I've had my puppy for a week and a half now. She seems crate trained and can hold it in for 6 hours plus. Over the last 4-5 days we have trained her to be in her crate in the garage and she is taken out to pee and poop every 4 hours. Other times when my wife and I are around, she is given free roam as long as we can watch what she does. During these times, I've noticed that she automatically runs through the doggy door to poo/pee in the backyard when she needs to go. so does that mean she is potty trained?

Secondly, she seems to have a liking for anything that is lying in the backyard and tries to eat stuff ranging from pebbles to grass to dirt. Since I'm always with her when she is in the backyard, I tell her NO and she listens. But I'm wondering how to decide when she gets a free roam of the back yard. I'm somehow hating keeping her crated when we are not around. Any suggestions?


----------



## Shell (Oct 19, 2009)

You don't say how old the puppy is, that would be good to know. 

But regardless of the age of the dog, I would NOT leave a dog unattended outside who eats pebbles, dirt, etc. Crating is not cruel, it is keeping the dog safe. 

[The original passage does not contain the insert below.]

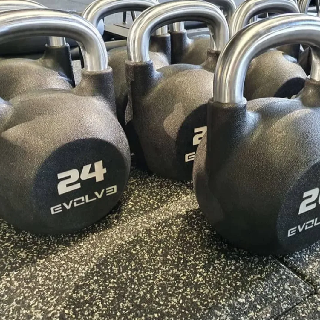 Evolve uretaanist sangpommid vastavad rahvusvahelistele konkurentsistandarditele. Kõik need on sama suuruse ja läbimõõduga, olenemata kaalust. See funktsioon aitab kergemini üle minna rasketele raskustele, säilitades samal ajal ühtse treeningtehnika. Vastupidav kroomitud käepide annab läikiva ja stiilse viimistluse ning on korduval liigutamisel palju mugavam kui puhtast metallist tekstuuriga käepidemed. Suur tasane alus tagab stabiilsuse ja täiusliku tasakaalu.

When she reliably avoids eating rocks etc, when you watch her say from a window or around the corner (as in, she isn't being good only because you are there) and she is old enough to handle outdoor temperatures, and you have a secure (locked) backyard with a fence she cannot jump or dig under, and no one else can jump into or harass her through, and you have sufficient shelter from sun, rain and wind (in the cold), then I'd say she'd be okay outside.


----------



## wisepanda (Aug 2, 2011)

Thanks Shell. The pup is almost 10 weeks old. She is usually crated in the garage. The backyard is secure with fencing that she cannot jump through or dig under.


----------



## Shell (Oct 19, 2009)

I wouldn't leave a puppy outside alone until about 6 months of age mainly for two reasons- one is that they need to grow up a bit before they can regulate their body temperature sufficiently and two is that for potty training purposes, you should be there to praise and treat every time she potties outside. You will probably transition from treats every time to praise after awhile but we're talking months, not weeks. 

A 10 week old puppy is not housetrained yet.

Is your garage climate controlled? (A/C in summer, heat in winter) If not, she should really be crated indoors. If you don't have hot summers, then a fan is probably okay but garages tend to get even hotter than a home without A/C would. 

I'm assuming since you have a doggie door, that once she is housetrained and a little older, she will be able to come into the house from the yard whenever she wants to? That would be good, for weather and her comfort.


----------



## ThoseWordsAtBest (Mar 18, 2009)

I agree with Shell. 6 hours is also a really long time for a 10 week old to hold it. The general rule of thumb is one hour for every month they are old.


----------